**Exercise description**
Look below for the line that contains "可選擇帶有輸入線路故障檢測(cè)功能的" and the line that contains "is a picture", then restate both of them and every line in between, exactly. No picture goes in the copy.

Records for the exercise Start Marker

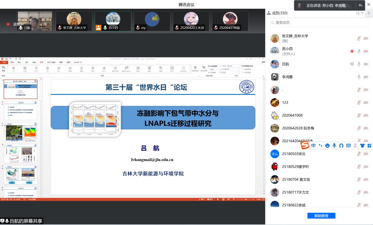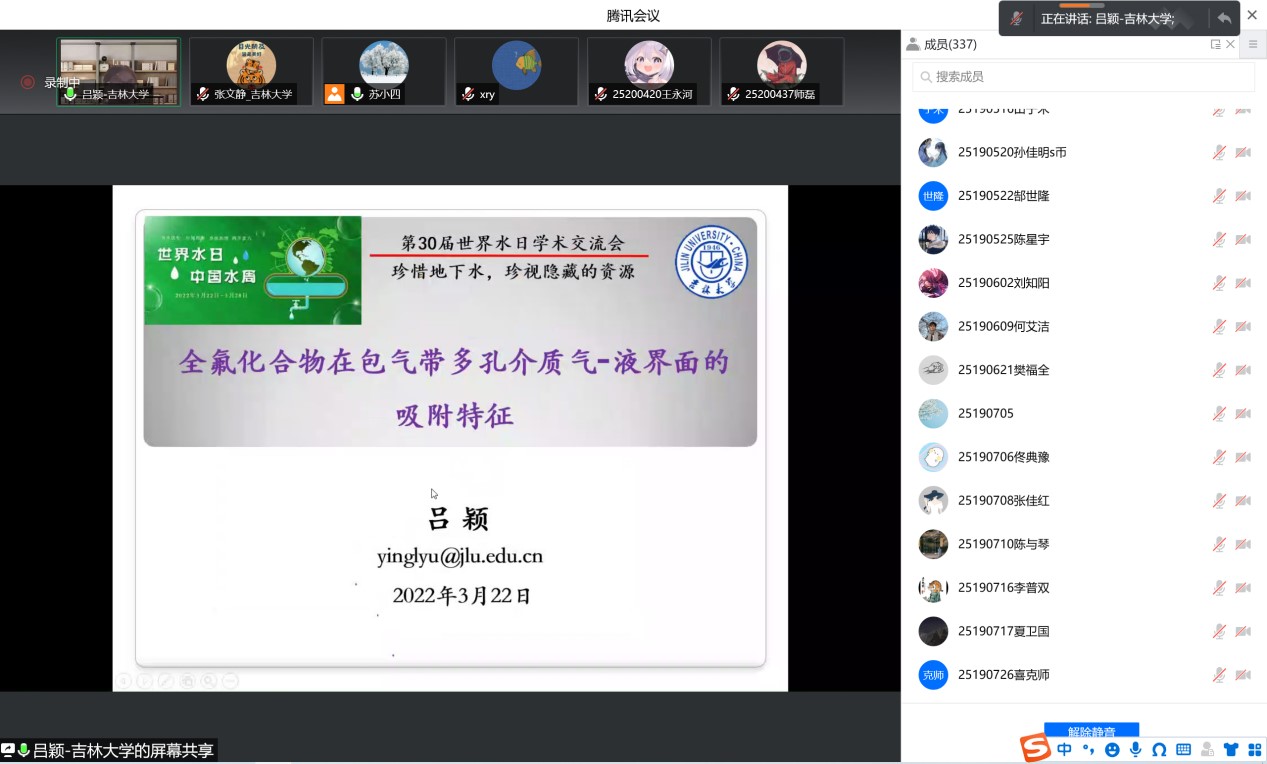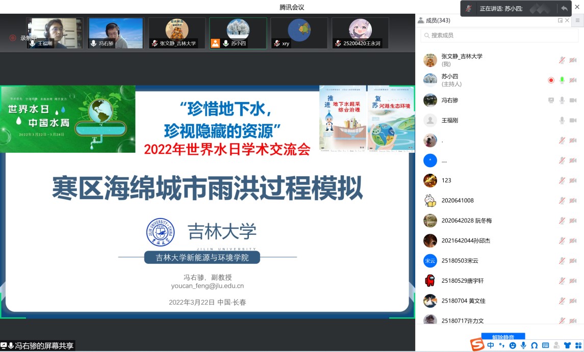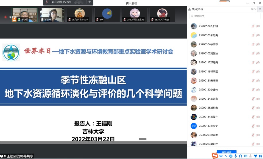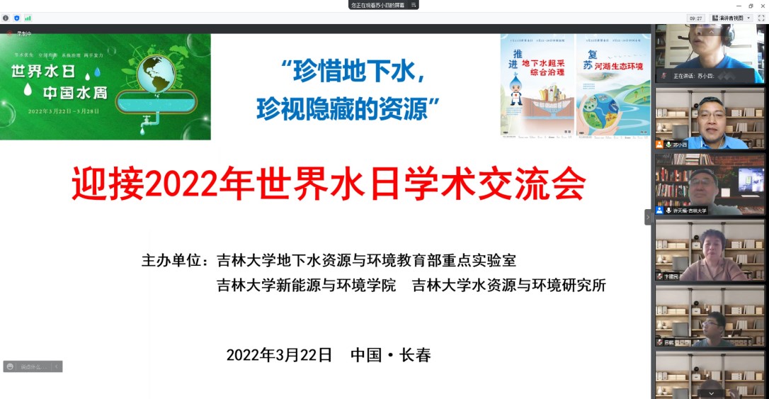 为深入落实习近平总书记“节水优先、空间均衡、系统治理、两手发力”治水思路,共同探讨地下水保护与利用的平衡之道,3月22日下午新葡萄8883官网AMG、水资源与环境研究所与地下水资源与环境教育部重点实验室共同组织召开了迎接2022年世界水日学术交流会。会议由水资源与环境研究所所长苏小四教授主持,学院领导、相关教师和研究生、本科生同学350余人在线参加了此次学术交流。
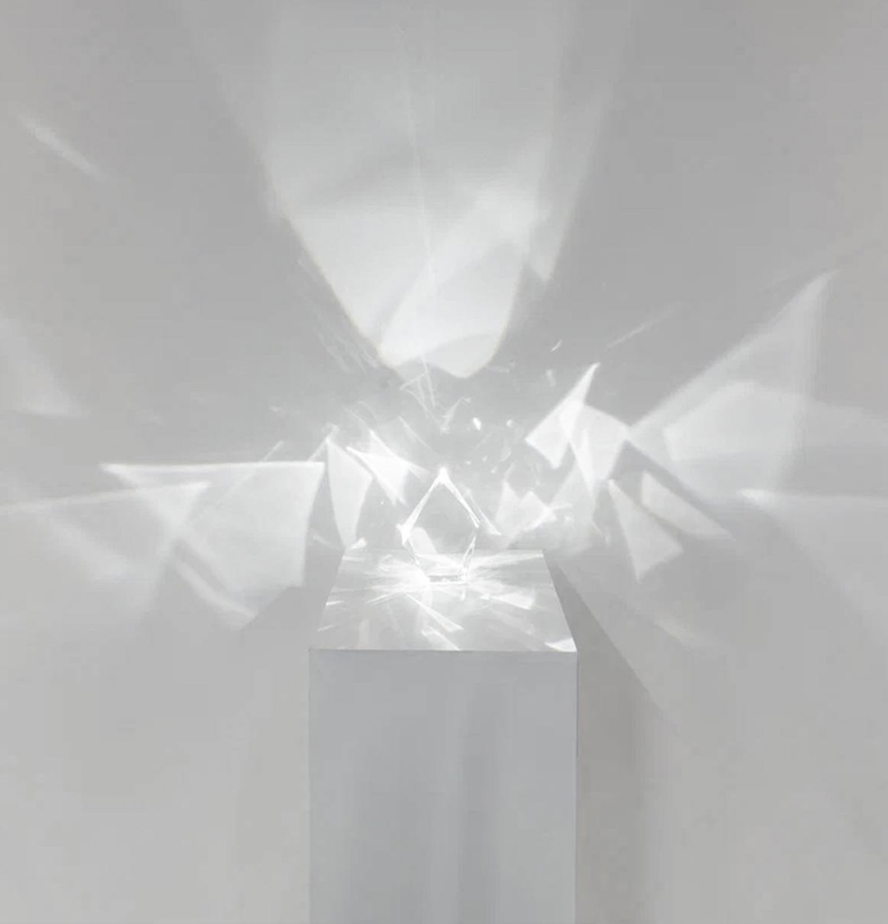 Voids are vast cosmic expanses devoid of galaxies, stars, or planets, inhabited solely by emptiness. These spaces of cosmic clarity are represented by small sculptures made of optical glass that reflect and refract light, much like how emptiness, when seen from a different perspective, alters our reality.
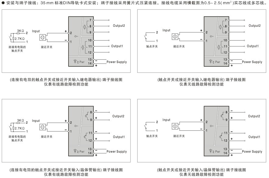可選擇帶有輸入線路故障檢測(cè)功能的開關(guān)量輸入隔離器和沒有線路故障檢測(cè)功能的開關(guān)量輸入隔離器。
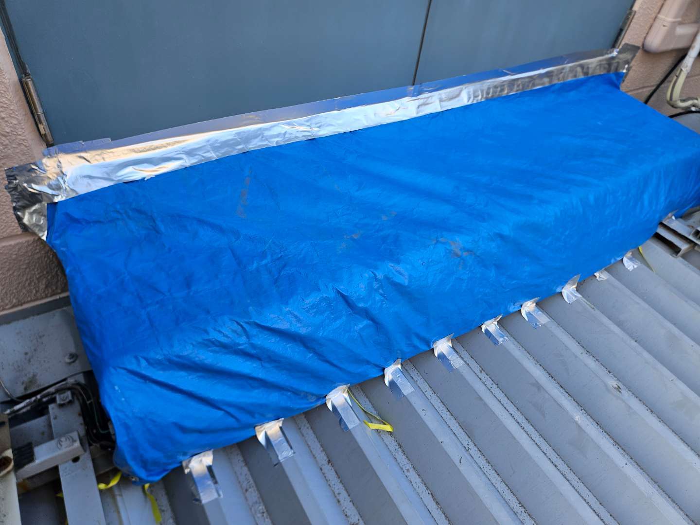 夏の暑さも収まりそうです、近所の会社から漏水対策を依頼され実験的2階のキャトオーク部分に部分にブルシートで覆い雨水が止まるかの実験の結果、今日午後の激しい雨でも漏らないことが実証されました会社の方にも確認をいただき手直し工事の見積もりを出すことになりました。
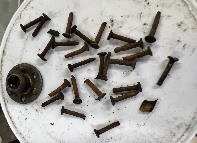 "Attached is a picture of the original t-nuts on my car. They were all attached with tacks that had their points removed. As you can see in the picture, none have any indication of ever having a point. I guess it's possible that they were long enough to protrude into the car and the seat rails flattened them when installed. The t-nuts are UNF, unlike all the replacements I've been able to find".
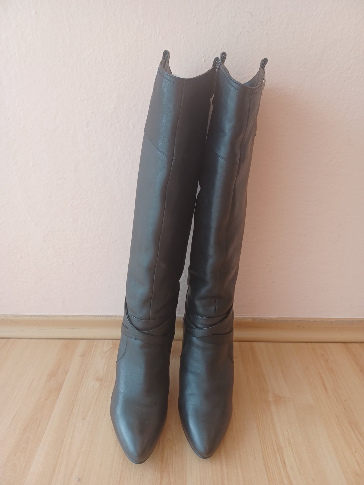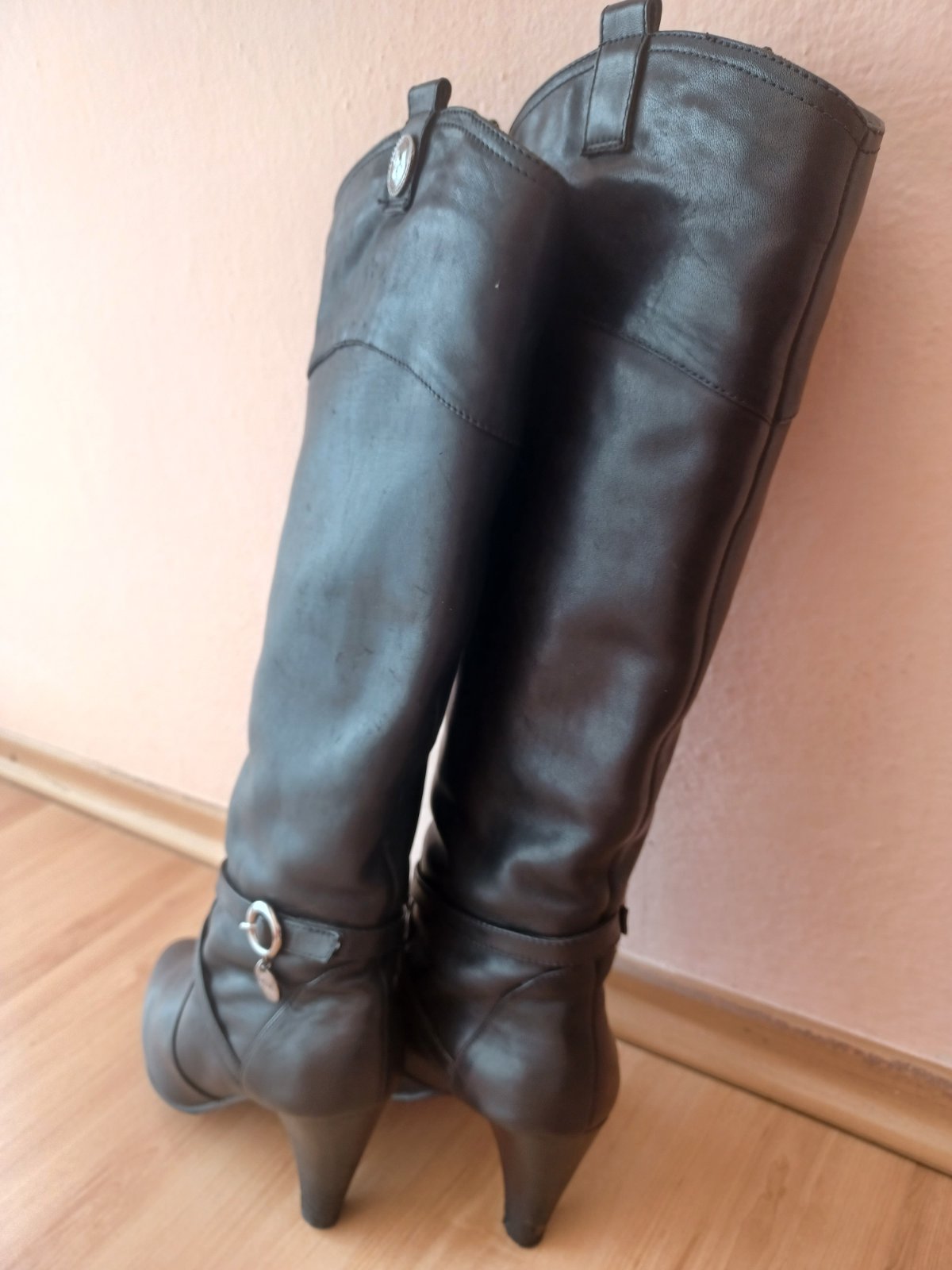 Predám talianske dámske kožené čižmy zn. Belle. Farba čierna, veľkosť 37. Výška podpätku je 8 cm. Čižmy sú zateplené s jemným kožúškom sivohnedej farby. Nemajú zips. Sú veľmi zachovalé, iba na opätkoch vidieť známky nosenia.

Records for the exercise End Marker

**Completed task**
可選擇帶有輸入線路故障檢測(cè)功能的開關(guān)量輸入隔離器和沒有線路故障檢測(cè)功能的開關(guān)量輸入隔離器。
 夏の暑さも収まりそうです、近所の会社から漏水対策を依頼され実験的2階のキャトオーク部分に部分にブルシートで覆い雨水が止まるかの実験の結果、今日午後の激しい雨でも漏らないことが実証されました会社の方にも確認をいただき手直し工事の見積もりを出すことになりました。
 "Attached is a picture of the original t-nuts on my car. They were all attached with tacks that had their points removed. As you can see in the picture, none have any indication of ever having a point. I guess it's possible that they were long enough to protrude into the car and the seat rails flattened them when installed. The t-nuts are UNF, unlike all the replacements I've been able to find".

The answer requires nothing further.